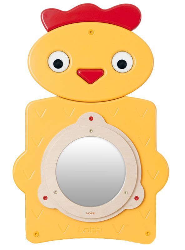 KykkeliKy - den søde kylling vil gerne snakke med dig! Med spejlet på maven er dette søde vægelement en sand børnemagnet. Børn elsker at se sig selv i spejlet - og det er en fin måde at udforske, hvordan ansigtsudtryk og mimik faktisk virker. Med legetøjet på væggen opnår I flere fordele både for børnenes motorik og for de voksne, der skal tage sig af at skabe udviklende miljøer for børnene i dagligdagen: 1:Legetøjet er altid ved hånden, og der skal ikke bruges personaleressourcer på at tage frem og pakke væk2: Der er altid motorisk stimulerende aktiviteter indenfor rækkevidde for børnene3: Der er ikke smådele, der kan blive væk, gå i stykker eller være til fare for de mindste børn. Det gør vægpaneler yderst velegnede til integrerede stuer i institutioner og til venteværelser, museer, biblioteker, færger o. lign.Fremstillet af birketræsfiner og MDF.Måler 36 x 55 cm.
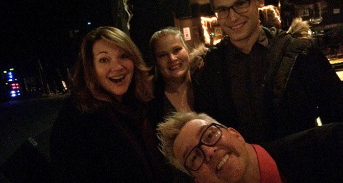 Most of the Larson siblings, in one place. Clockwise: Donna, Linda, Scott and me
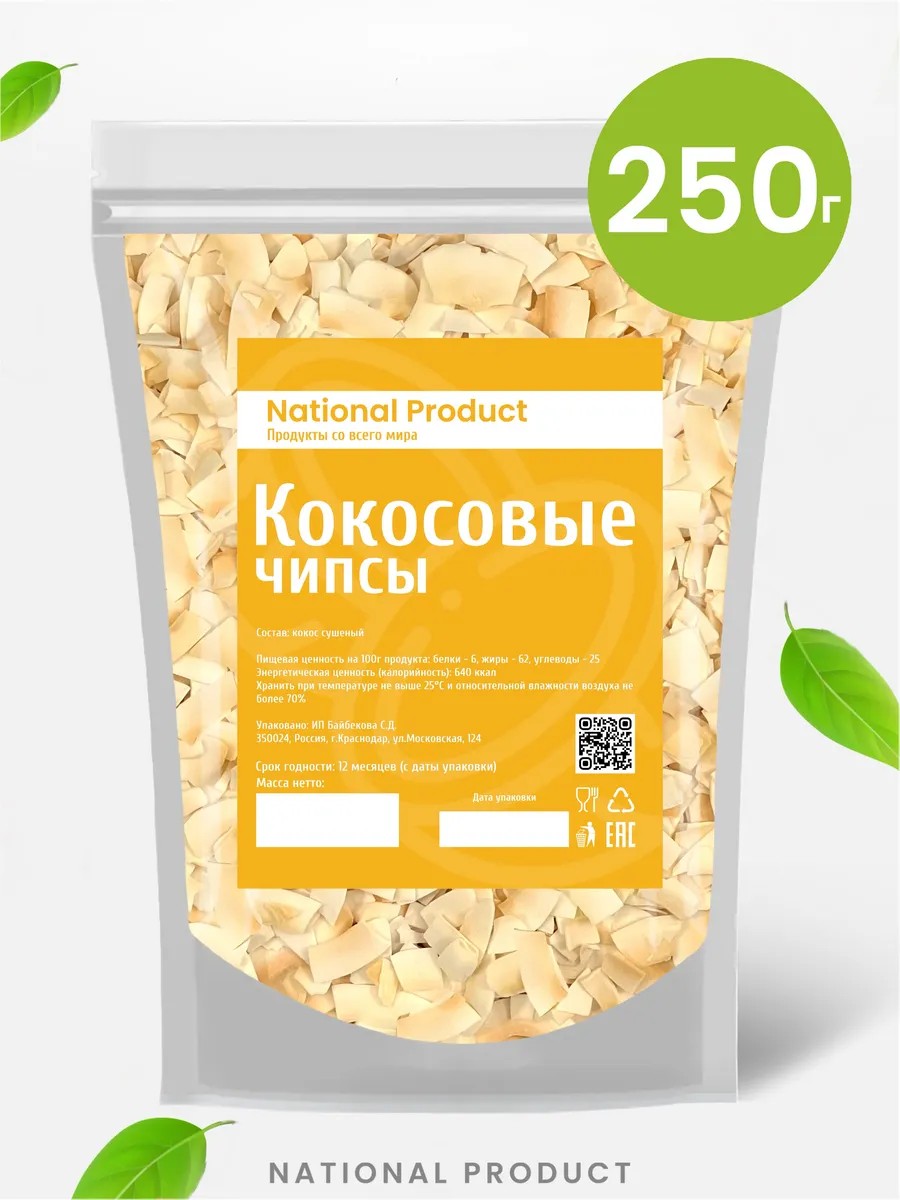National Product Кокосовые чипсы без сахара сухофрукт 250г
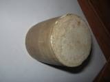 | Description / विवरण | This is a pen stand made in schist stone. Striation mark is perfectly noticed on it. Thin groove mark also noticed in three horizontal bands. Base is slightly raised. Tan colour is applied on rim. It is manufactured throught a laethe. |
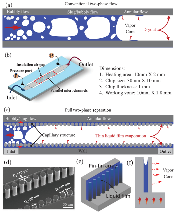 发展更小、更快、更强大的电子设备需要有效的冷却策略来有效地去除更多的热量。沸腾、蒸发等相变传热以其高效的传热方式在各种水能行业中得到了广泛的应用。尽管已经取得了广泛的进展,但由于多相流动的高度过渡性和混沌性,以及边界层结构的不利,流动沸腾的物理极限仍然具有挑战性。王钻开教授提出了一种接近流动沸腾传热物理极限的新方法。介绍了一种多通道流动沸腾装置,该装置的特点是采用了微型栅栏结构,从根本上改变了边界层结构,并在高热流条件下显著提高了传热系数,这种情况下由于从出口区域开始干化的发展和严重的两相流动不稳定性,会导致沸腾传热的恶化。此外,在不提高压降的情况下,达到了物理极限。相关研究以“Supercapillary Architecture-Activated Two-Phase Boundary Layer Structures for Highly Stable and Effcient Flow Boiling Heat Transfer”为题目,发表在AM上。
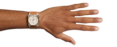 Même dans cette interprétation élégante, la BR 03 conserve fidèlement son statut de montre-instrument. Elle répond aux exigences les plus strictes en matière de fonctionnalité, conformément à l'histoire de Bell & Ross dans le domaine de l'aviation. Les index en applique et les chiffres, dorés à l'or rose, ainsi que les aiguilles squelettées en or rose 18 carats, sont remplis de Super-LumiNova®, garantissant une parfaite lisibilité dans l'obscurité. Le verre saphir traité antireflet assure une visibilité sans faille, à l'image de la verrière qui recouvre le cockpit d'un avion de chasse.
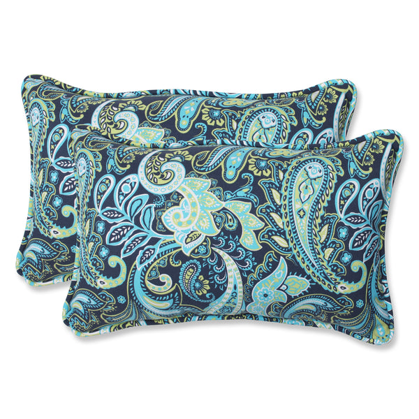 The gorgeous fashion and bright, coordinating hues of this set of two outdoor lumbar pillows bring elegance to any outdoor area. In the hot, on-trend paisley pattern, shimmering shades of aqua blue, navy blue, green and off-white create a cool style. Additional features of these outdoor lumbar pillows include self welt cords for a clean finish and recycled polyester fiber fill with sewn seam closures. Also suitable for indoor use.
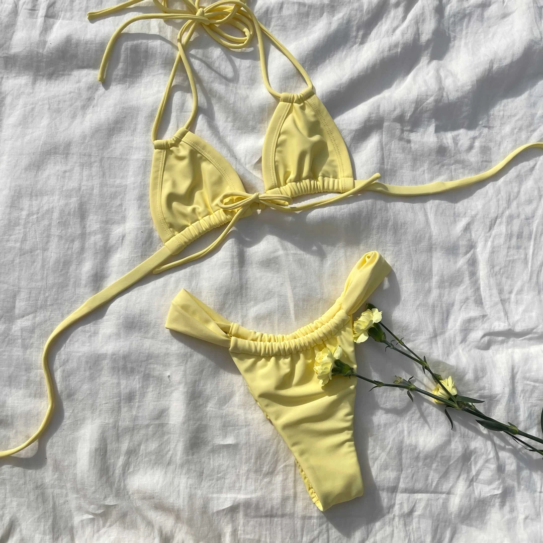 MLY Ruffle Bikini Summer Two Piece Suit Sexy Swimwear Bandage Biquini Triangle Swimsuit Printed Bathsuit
____
◆ **Task prompt**
Copy each line above precisely, dropping the pictures.

◆ **Exercise response**
 KykkeliKy - den søde kylling vil gerne snakke med dig! Med spejlet på maven er dette søde vægelement en sand børnemagnet. Børn elsker at se sig selv i spejlet - og det er en fin måde at udforske, hvordan ansigtsudtryk og mimik faktisk virker. Med legetøjet på væggen opnår I flere fordele både for børnenes motorik og for de voksne, der skal tage sig af at skabe udviklende miljøer for børnene i dagligdagen: 1:Legetøjet er altid ved hånden, og der skal ikke bruges personaleressourcer på at tage frem og pakke væk2: Der er altid motorisk stimulerende aktiviteter indenfor rækkevidde for børnene3: Der er ikke smådele, der kan blive væk, gå i stykker eller være til fare for de mindste børn. Det gør vægpaneler yderst velegnede til integrerede stuer i institutioner og til venteværelser, museer, biblioteker, færger o. lign.Fremstillet af birketræsfiner og MDF.Måler 36 x 55 cm.
 Most of the Larson siblings, in one place. Clockwise: Donna, Linda, Scott and me
National Product Кокосовые чипсы без сахара сухофрукт 250г
 | Description / विवरण | This is a pen stand made in schist stone. Striation mark is perfectly noticed on it. Thin groove mark also noticed in three horizontal bands. Base is slightly raised. Tan colour is applied on rim. It is manufactured throught a laethe. |
 发展更小、更快、更强大的电子设备需要有效的冷却策略来有效地去除更多的热量。沸腾、蒸发等相变传热以其高效的传热方式在各种水能行业中得到了广泛的应用。尽管已经取得了广泛的进展,但由于多相流动的高度过渡性和混沌性,以及边界层结构的不利,流动沸腾的物理极限仍然具有挑战性。王钻开教授提出了一种接近流动沸腾传热物理极限的新方法。介绍了一种多通道流动沸腾装置,该装置的特点是采用了微型栅栏结构,从根本上改变了边界层结构,并在高热流条件下显著提高了传热系数,这种情况下由于从出口区域开始干化的发展和严重的两相流动不稳定性,会导致沸腾传热的恶化。此外,在不提高压降的情况下,达到了物理极限。相关研究以“Supercapillary Architecture-Activated Two-Phase Boundary Layer Structures for Highly Stable and Effcient Flow Boiling Heat Transfer”为题目,发表在AM上。
 Même dans cette interprétation élégante, la BR 03 conserve fidèlement son statut de montre-instrument. Elle répond aux exigences les plus strictes en matière de fonctionnalité, conformément à l'histoire de Bell & Ross dans le domaine de l'aviation. Les index en applique et les chiffres, dorés à l'or rose, ainsi que les aiguilles squelettées en or rose 18 carats, sont remplis de Super-LumiNova®, garantissant une parfaite lisibilité dans l'obscurité. Le verre saphir traité antireflet assure une visibilité sans faille, à l'image de la verrière qui recouvre le cockpit d'un avion de chasse.
 The gorgeous fashion and bright, coordinating hues of this set of two outdoor lumbar pillows bring elegance to any outdoor area. In the hot, on-trend paisley pattern, shimmering shades of aqua blue, navy blue, green and off-white create a cool style. Additional features of these outdoor lumbar pillows include self welt cords for a clean finish and recycled polyester fiber fill with sewn seam closures. Also suitable for indoor use.
 MLY Ruffle Bikini Summer Two Piece Suit Sexy Swimwear Bandage Biquini Triangle Swimsuit Printed Bathsuit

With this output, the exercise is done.